I might hack on this as a separate subcommand and config, and see if it makes sense to bring into melange build if it's successful. The use cases I've had for it are more oriented around making an APK containing some config for some other package to consume (e.g., nginx and nginx-config), and less about combining or interleaving static file generation into a build pipeline.

imjasonh avatar Mar 06 '23 21:03 imjasonh

I guess the question is: if it's not a separate command (I'm not sure it should be), how do we determine if the build process needs to run arbitrary code?

Is partial functionality (and erroring with a pre-flight check) acceptable and expected in a scenario where code execution is not possible?

I think I am fine with having an error like build requires a guest environment, no guest environment capability found when runs statements are encountered in the pipeline. We can scan the whole pipeline end to end as a preflight check.

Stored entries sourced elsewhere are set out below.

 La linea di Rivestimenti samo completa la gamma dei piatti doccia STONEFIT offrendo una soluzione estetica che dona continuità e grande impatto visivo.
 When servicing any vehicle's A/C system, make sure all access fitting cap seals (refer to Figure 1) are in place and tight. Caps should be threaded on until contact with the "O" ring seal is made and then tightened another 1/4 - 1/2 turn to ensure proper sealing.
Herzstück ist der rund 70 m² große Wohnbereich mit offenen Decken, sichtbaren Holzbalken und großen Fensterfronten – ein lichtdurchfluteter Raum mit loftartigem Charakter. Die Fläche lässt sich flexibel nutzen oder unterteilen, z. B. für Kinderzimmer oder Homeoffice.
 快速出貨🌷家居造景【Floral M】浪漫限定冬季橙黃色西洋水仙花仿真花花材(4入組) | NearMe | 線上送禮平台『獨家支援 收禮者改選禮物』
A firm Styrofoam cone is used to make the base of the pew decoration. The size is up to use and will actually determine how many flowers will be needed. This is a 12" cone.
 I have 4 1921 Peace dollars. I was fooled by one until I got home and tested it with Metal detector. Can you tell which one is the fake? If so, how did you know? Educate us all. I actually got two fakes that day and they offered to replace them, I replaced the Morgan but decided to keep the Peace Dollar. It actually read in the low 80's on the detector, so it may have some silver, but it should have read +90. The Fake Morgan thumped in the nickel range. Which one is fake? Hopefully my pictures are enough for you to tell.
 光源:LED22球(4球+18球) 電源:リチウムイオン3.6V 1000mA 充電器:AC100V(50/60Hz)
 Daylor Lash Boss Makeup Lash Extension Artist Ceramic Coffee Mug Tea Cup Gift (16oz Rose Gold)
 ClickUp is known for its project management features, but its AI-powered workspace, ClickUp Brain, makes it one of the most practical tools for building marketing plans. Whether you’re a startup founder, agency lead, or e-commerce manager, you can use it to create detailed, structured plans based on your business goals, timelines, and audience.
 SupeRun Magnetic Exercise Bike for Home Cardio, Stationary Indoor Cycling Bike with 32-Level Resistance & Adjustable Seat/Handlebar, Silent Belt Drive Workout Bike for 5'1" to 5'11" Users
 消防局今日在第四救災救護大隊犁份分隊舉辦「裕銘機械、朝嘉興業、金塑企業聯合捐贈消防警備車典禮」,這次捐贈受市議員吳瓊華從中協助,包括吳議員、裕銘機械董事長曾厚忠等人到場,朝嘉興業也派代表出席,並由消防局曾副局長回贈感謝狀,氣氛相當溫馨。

But at the same time, it may be confusing that a user gets hit with this type of error because they do not have the ability to run code in a guest.

kaniini avatar Mar 06 '23 21:03 kaniini

What I would suggest is something like:

pipeline:
  - mkdir:
      path: ...
      permissions: 0o755
  - copy:
      from: ...
      to: ...
  - write:
      to: ...
      contents: |
        ...

Then if a runs operation is encountered, it could require the Run capability. If that capability is missing, then the pre-flight fails.

kaniini avatar Mar 06 '23 21:03 kaniini